De profeet Maleachi is de laatste profeet van het Oude Testament. Hij heeft een ernstige boodschap: de grote en vreselijke dag van de Heere komt. Zeer troostrijk zal het zijn voor de gelovigen in Christus, zij zullen wegsmelten voor de Zonne der gerechtigheid en opgaan in Gods eeuwige barmhartigheid. Maar zij die ongelovig blijven, zullen worden uitgebannen. Het Evangelie klinkt: eer die grote dag komt zal ik Elia, dat is Johannes de Doper, zenden. Die boodschap klinkt ook vandaag: bekeert u en geloof want het Koninkrijk van God is nabij gekomen en de bijl ligt reeds aan de wortel van de boom.

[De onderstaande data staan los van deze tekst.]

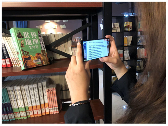 A library scene was selected as an example to present the gamified learning process in class. At the beginning of the English course, an AR map was provided, in which there were various learning scenarios, such as scenarios at a library, supermarket, clinic, dormitory, dining hall and gymnasium. The AR map was used as a course trigger marker. The students were divided into small learning groups. Each learning group used the application to scan the first scene they had selected in the AR map to obtain the sequence of learning scenarios. Once the students had received the reference books that provided an introduction to the app for the learning process in each scene with a basic description in English, the learning groups started the English lesson. The students would be “transported” to the scene of a library where they would first scan a marker, i.e., “AR English class,” to obtain a video regarding learning requirements and tasks for the library scenarios. They scanned a library card to obtain a relevant introduction in English regarding the library, and 3D books and its relevant information would then be displayed. Then, the students would go to the bookshelves to look for and scan the real books which were presented when scanning the library card. With each book that they scanned, they would be shown an AR image of the relevant content of the book; these would be the seed materials, including AR images, AR videos, AR audios, and a real physical environment. Figure 6 shows a student scanning the cover of a real book to acquire a relevant AR image in a library scene.
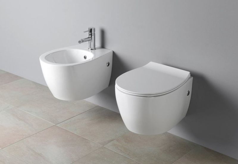 - Прилегание унитаза к стене:вплотную
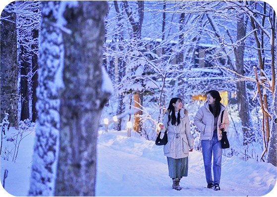 十勝岳連峰の絶景や豊かな森を臨み、四季を通して楽しめるリゾート富良野。森の中のショッピングエリア「ニングルテラス」や温泉を擁し、ホテルに直結したスキー場、近郊にはゴルフ場も。
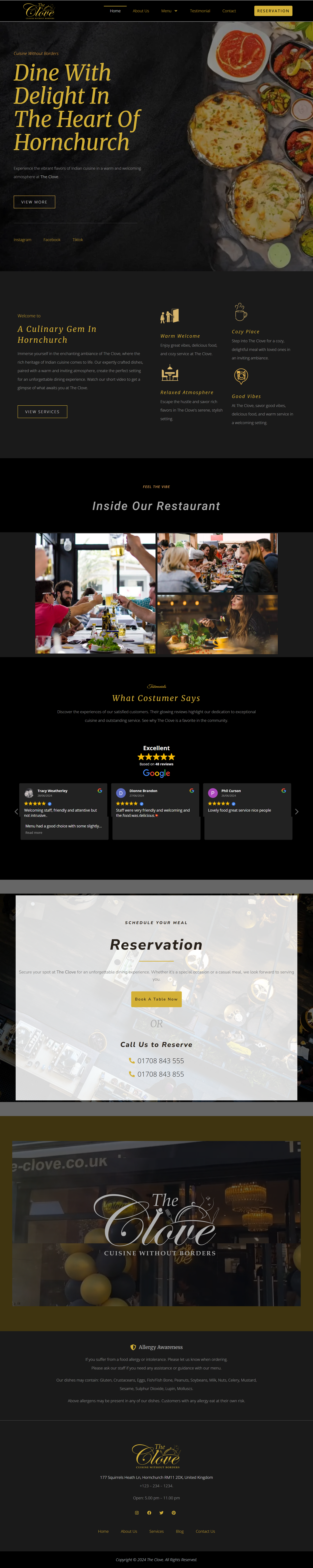 The Clove – A Culinary Experience Crafted for Elegance I had the opportunity to design a sophisticated and inviting website for The Clove, a restaurant known for its exquisite flavors and warm ambiance. The goal was to create a digital presence that reflects the restaurant’s commitment to fine dining, authenticity, and customer experience.
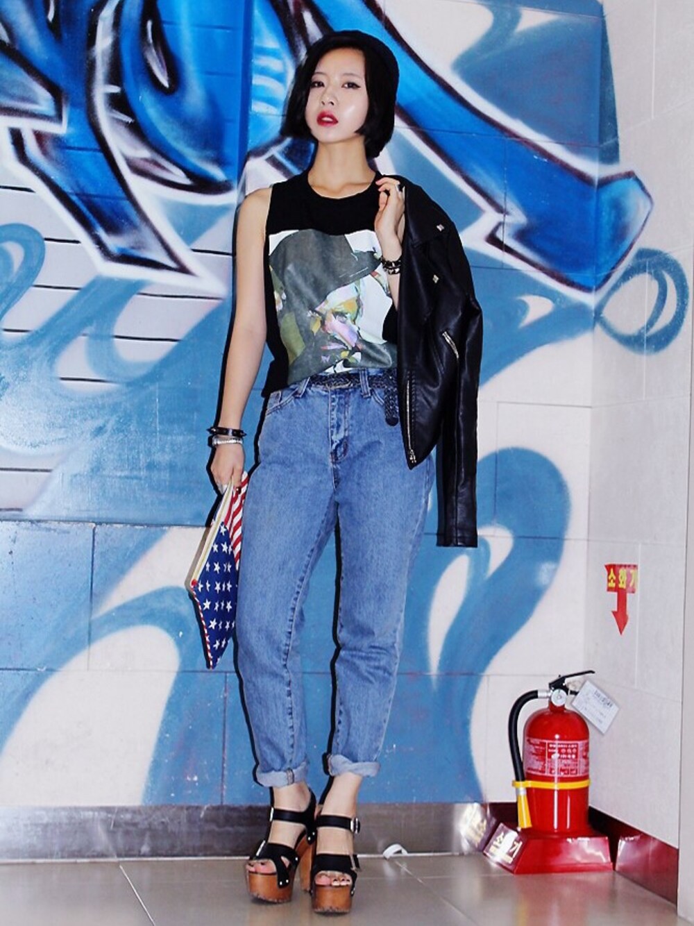 네이비비니 + 프린팅탑 + 라이더자켓 + 블루진 + 통굽힐 + 성조기클러치 인스타 @danmi4u 블로그 http://blog.naver.com/eudem_
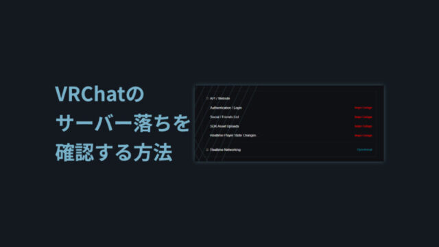 VRChat VRChatのサーバー落ちを確認する方法【鯖落ち】 VRChat公式のサーバーページにアクセスすると状況が分かります。サーバーは「API / Website」と「Realtime networking」の2つの表記があり、どちらかが「Major Outage」になっているとサーバーが落ちてます。 2026.03.18 VRChat
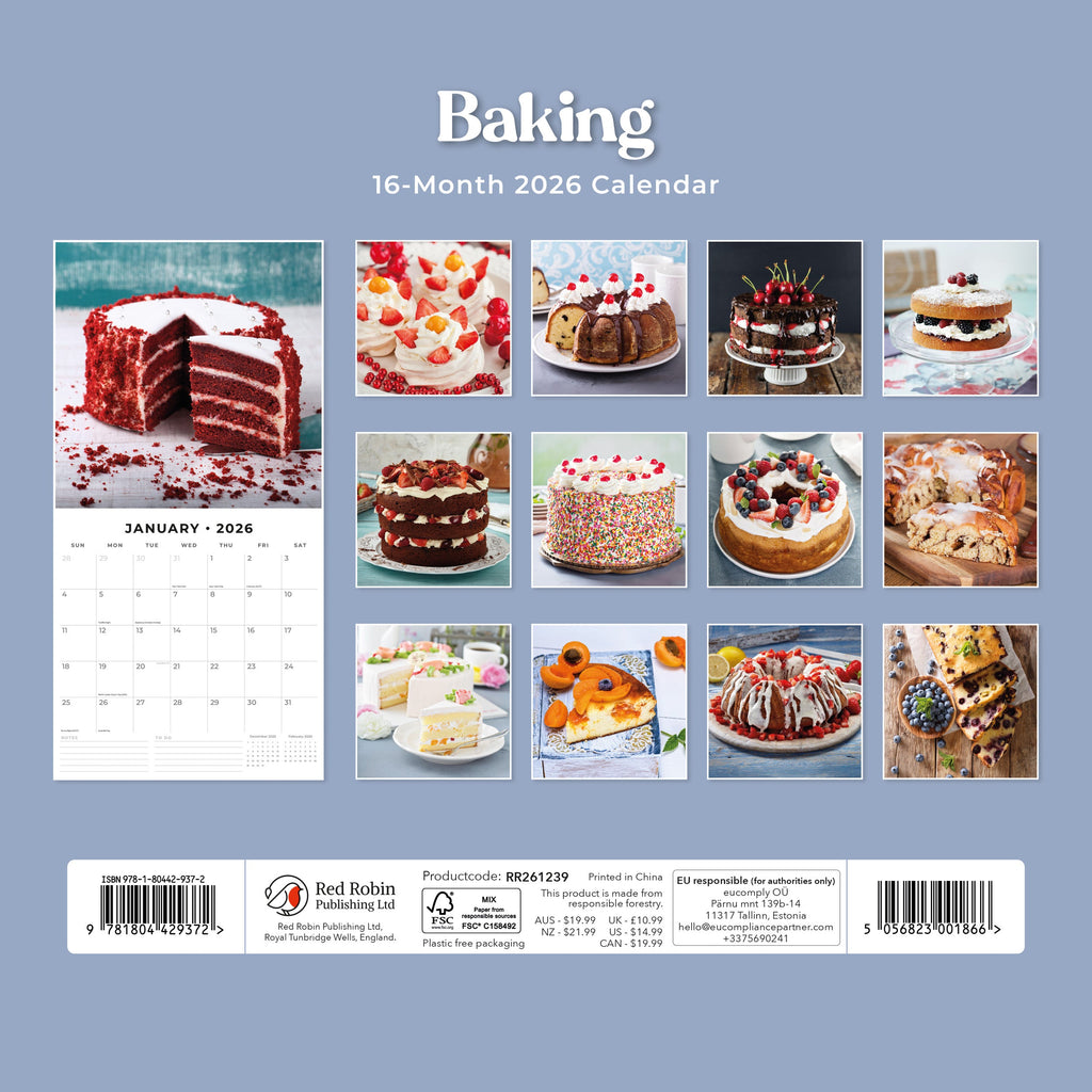 Packaged in a 100% plastic-free, sustainable, FSC-certified envelope, this 2026 Baking Square Wall Calendar from Red Robin Publishing Ltd includes 12 months plus 4 bonus months, providing extended planning and a full year of enjoyment. .
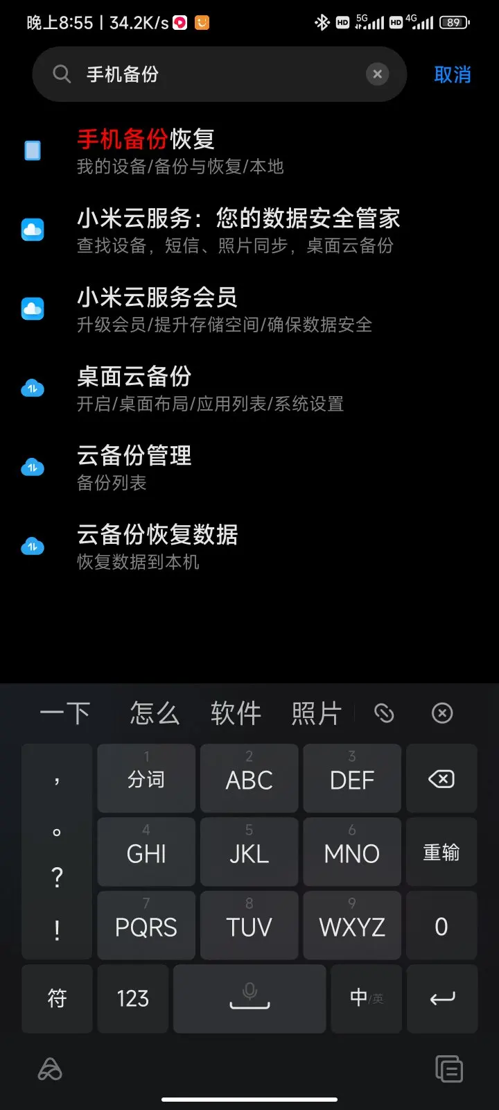 Step2:在手机设置中搜索"手机备份",选择第一个。

Maleachi 4 vers 4-6: ‘[4] Gedenk der wet van Mozes, Mijn knecht, die Ik hem bevolen heb op Horeb aan gans Israël, der inzettingen en rechten. [5] Ziet, Ik zende ulieden den profeet Elia, eer dat die grote en die vreselijke dag des HEEREN komen zal. [6] En hij zal het hart der vaderen tot de kinderen wederbrengen, en het hart der kinderen tot hun vaderen; opdat Ik niet kome, en de aarde met den ban sla’.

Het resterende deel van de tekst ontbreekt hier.